Otro amor en tiempos de otra cólera

Ayer, un motociclista atropelló a mi perro. Estoy en mis treintas, entrando a la segunda mitad de la cuarta década de la vida. Aunque estoy en una relación amorosa muy positiva, no estoy en las circunstancias económicas como para poder casarme y empezar una familia. Vengo de una familia de clase media, con antepasados que rozaron la nobleza, en algunos casos y otros que fueron borrados por las ingratitudes de la historia. Quizá por la inexactitud con la que la moral de los tiempos se encarga de discriminar entre buenos y malos, entre legítimos e ilegítimos, entre herederos y desheredados.

Lo cierto es que esta ciudad es todavía muy clasista. En el exceso de la inequidad que se vive en esta aquí, se han gestado movimientos para acabar con la misma. Los cuales, son contestados por quienes se reafirman en su convicción de pertenecer a clases con privilegios, desconociendo aún a sus propios familiares, obstinados por aferrarse a un orden que no terminan de entender, pero que están dispuestos a sostener, por la angustia que les significa el enfrentarse a un sentido de humanidad más abierto, para muchos, además, más cristiano.

Cuando el motociclista atropelló a mi perro, me sentí cercano al rol del padre, que quiere velar por sus hijos. Al comienzo tuve ganas de perseguir al motociclista y reclamarle con furia por su acción desalmada, sin embargo, pronto pude encontrar paz al constatar que mi perro, milagrosamente, había salido ileso. Es un perro muy fuerte y astuto, pero yo vi como el motociclista pasó por encima de él con las dos llantas, sin un mínimo gesto de contención. Como si hubiera sido entrenado para reaccionar en esas situaciones de forma profesional, siempre privilegiando su vida y la de los transeúntes por encima de cualquier animal que pueda cruzársele por el camino. Quién sabe, si hubiera curvado para evitar atropellar a mi perro, pudo haberse caído o me pudo haber atropellado a mí.

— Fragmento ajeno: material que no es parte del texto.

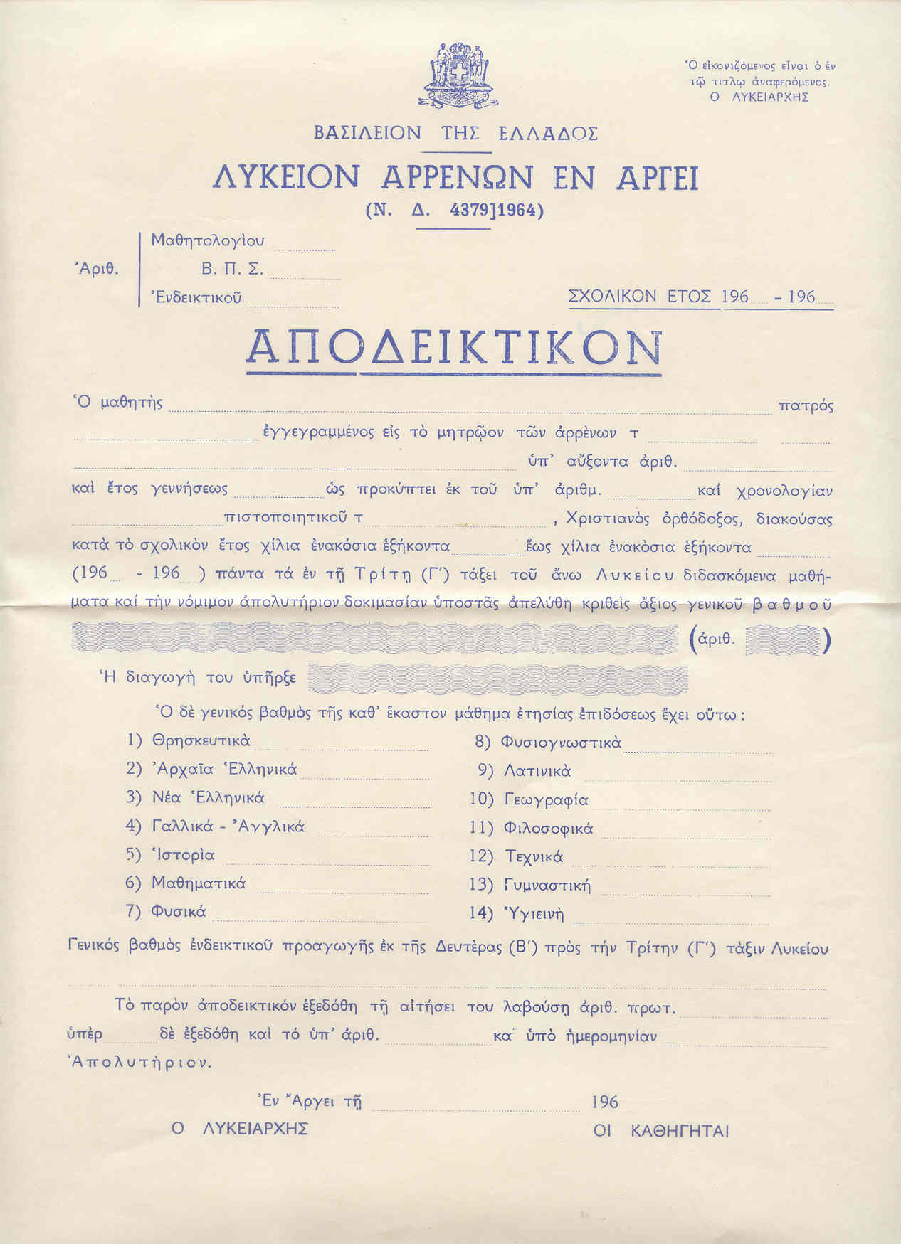 Λύκειο Αρρένων Άργους, Αποδεικτικό.

Vivimos en un momento de la sociedad en el que este tipo de atropellos, en muchos casos menos análogos al que tuve que constatar ayer, están sucediendo todo el tiempo. Esto sucede pese a que vivimos en un tiempo en el que el avance tecnológico, en teoría, debería permitirnos vivir con mucha mayor comodidad; tener mucho más tiempo y capacidad de velar por nosotros mismos y por los demás. Sin embargo, parecería que el hambre del ser humano, se impone por sobre su propia humanidad.

Mi generación fue criada dentro de un contexto de gran admiración por los avances de los países desarrollados y dentro de una idea utópica del fin de la historia, dado el límite que tuvo momentáneamente la guerra fría. Muchas de las promesas con las que fuimos criados no se cumplieron. La globalización se convirtió en un gran instrumento de crecimiento económico para las grandes empresas, pero también en una razón para incrementar el recelo con el que se relacionan las naciones y los pueblos.

Recientemente, lo que en palabras de Noam Chomsky es una patología social, la incapacidad que existe en Estados Unidos de controlar el acceso a armas muy peligrosas por parte de individuos que se vuelven misántropos por todo tipo de causas mentales y sociales, reveló que los cambios que está viviendo ese país, han tenido un efecto sobre una parte de la población que ha optado por armarse para defender sus derechos. Esta imagen nos ofrece una oportunidad de reflexionar sobre la gran desconfianza que ha crecido entre los seres humanos. Parte de las observaciones sobre este fenómeno han señalado que uno de los factores que impide a ciertas personas en una condición similar a aquellas de quienes deciden armarse, a hacerlo, es su vinculación con algún aspecto de fe.

Eso me hace pensar que, pese a nuestro gran avance tecnológico, los grandes temas de la experiencia humana, como son el amor y la muerte, se le siguen escapando a nuestros hallazgos, y el cultivar nuestra espiritualidad sigue siendo necesario en situaciones en las que no podemos encontrar respuestas en otro tipo de instituciones.

El reto que como humanidad tenemos al frente, es entonces, el que esa búsqueda espiritual, expresada en la forma en la que cada persona decida hacerlo, no vaya a separarnos más, sino quizá lograr eso que la globalización como instrumento económico no ha logrado, el que en cada una de nuestras vidas exista el compromiso por cuidar esto que tenemos, que es tan valioso, este espacio en el que nuestras vidas se han desarrollado por miles de años y que siguen presentándonos frente a maravillosos éxitos y abominables fracasos.